Dependences of local density of state on temperature, size, and shape in two-dimensional nano-structured superconductors

In this paper, we investigate a local density of state (LDOS) in two-dimensional nano-structured superconductors. We solve the Bogoliubov-de Gennes equations self-consistently with the two-dimensional finite element method. In nano-structured superconductors, the LDOS as a function of the energy has many discrete peaks. A discretization of the LDOS comes from a discretization of energy levels due to the quantum confinement effect in nano-structured systems. When the temperature increases, a width of a peak in the LDOS is spread to a large energy range and neighbor peaks are superposed due to the thermal effect. On the other hand, for the fixed temperature, the behavior of the LDOS is different between nano-scaled rectangular and square systems.
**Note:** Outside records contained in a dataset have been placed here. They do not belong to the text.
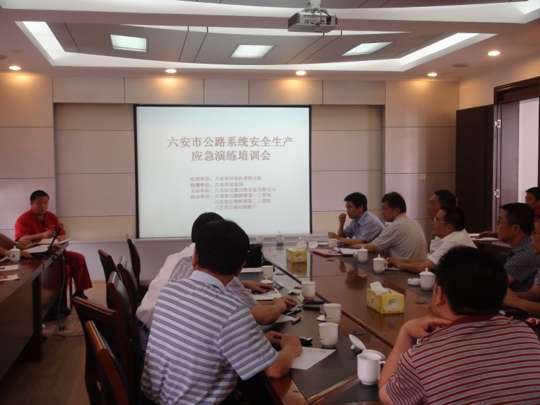 2011年06月19日,在六安市交通公路實業(yè)有限公司舉行了一場"六安市公路系統(tǒng)安全生產(chǎn)應(yīng)急演練培訓(xùn)會",邀請了六安市開發(fā)區(qū)消防大隊張指導(dǎo)員為大家進行了生動的講解,實業(yè)公司、路橋一處、路橋二處、修配廠等單位同志認(rèn)真學(xué)習(xí),通過培訓(xùn)使大家增加了安全防范意識及應(yīng)急處理能力,培訓(xùn)尾聲市公路局及市安監(jiān)局領(lǐng)導(dǎo)對此次演練培訓(xùn)會給予了充分肯定。
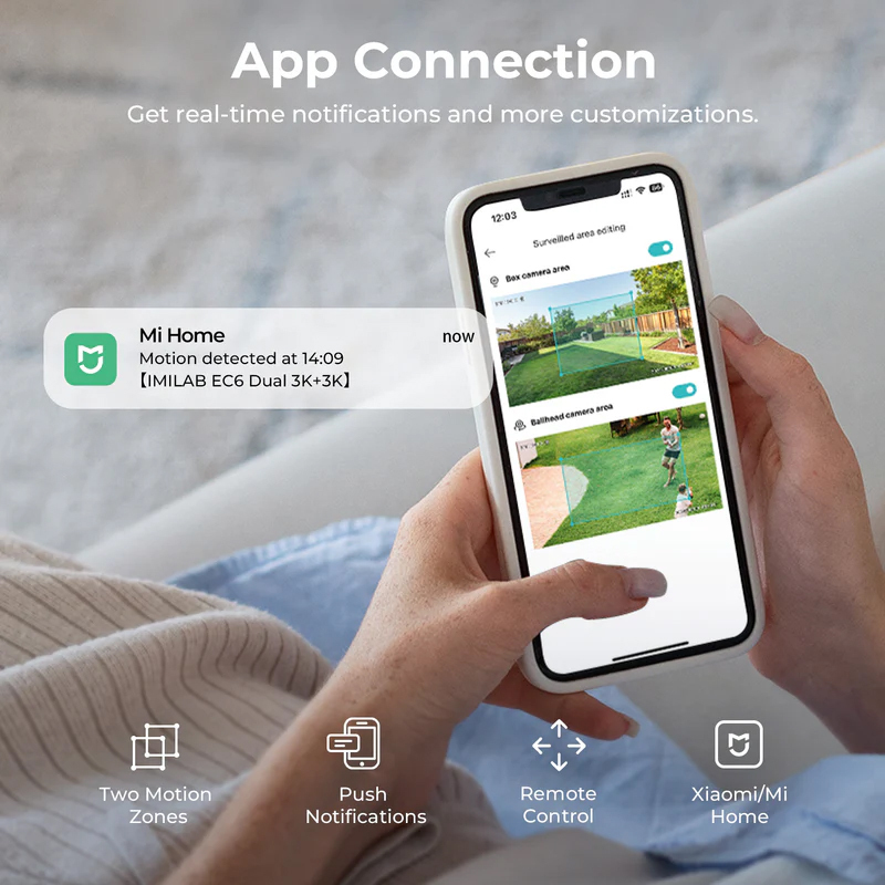 Az iMILAB EC6 Dual 3K+3K egy innovatív biztonsági kamera két lencsével és csúcstechnológiával, amelyek két 3K felbontású videofolyamot biztosítanak. Az alsó lencse automatikusan követi a mozgásokat 360 fokos szögben, míg a felső lencse fix marad, így folyamatos megfigyelést biztosít zavaró tényezők nélkül. Könnyen telepíthető, és kompatibilis a hangalapú asszisztensekkel, így tökéletes megoldás otthoni megfigyelésre. A kamera mesterséges intelligenciát használ a személyek, járművek és kerékpárok pontos felismerésére, csökkentve a téves riasztásokat. Kétirányú audió kapcsolatának köszönhetően valós időben kommunikálhat családtagokkal, kézbesítőkkel vagy látogatókkal. Okos és hatékony éjszakai látással rendelkezik, amely mozgásérzékeléskor teljes színmódra vált az energia megőrzése érdekében. Automatikus veszélyelhárító funkciói, mint a sziréna, villanó fény vagy előre felvett üzenetek használata, távolról is elriasztják a behatolókat. A testreszabható megfigyelési zónák és valós idejű hozzáférés lehetősége bárhonnan elérhető, a 360 fokos forgatás és 90 fokos dőlésszög vezérlése egyetlen alkalmazással történik. Az IP65-ös minősítésű kamera strapabíró, -30 és 60 Celsius fok között működik, eső és por ellen védett. Biztonságos helyi vagy felhő alapú tárolási lehetőségeket biztosít, és 24/7 folyamatos megfigyelést tesz lehetővé. Kompatibilis a Google Asszisztenssel és az Alexával, így hangutasításokkal is irányítható. A kamera a Xiaomi ökoszisztéma részeként közvetlen élő nézetet és felvétel visszajátszását kínálja telefonon keresztül. Tartozékai közé tartozik a felhasználói kézikönyv, rögzítő sablonok, csavar készlet és hálózati adapter.
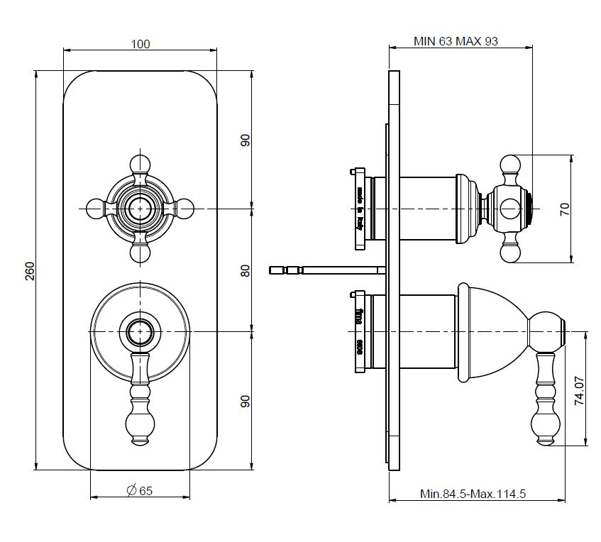Модель Carlo Frattini оснащена переключателем на 2/3 источника, что обеспечивает удобное распределение потоков воды. Конструкция рассчитана на настенный монтаж и совместима с надежными скрытыми механизмами.
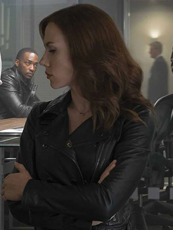 Captain America Civil War Scarlett Johansson Black Leather Jacket
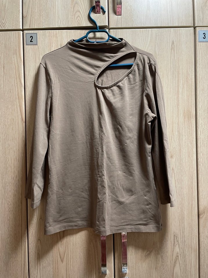 Bej renkli, yüksek yakalı ve uzun kollu kadın gömleği. Rahat kesimi ve yakadaki kesik detayıyla günlük kullanıma uygun şık bir parça.
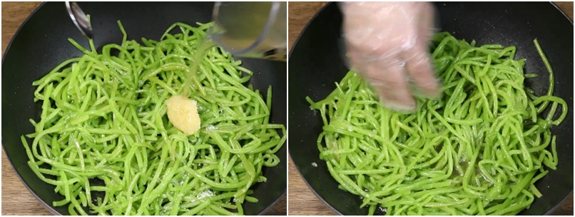 3. 데친 고구마줄기를 볶음팬에 넣고요~ 다진마늘1T.국간장2T.소금1/4T정도.식용유1T반.멸치다시마육수150ml를

In the nano-scaled rectangular system, when only a lateral length increases, a contribution of the quantum confinement effect from the lateral side is suppressed, while the contribution from a longitudinal side remains large. Then, some peaks are left in the LDOS even when the lateral length is very large. These peaks form a periodic structure and can be regarded as gaps in a multi gap structure due to the quantum confinement effect. On the other hand, energy levels in the square system tend to arrange equally. Then, in the square system, peaks in the LDOS which exist in the rectangular system are small. Also, the period between peaks in the LDOS in the square system is smaller than the period in the rectangular system.
Comment: 11 pages, 12 figures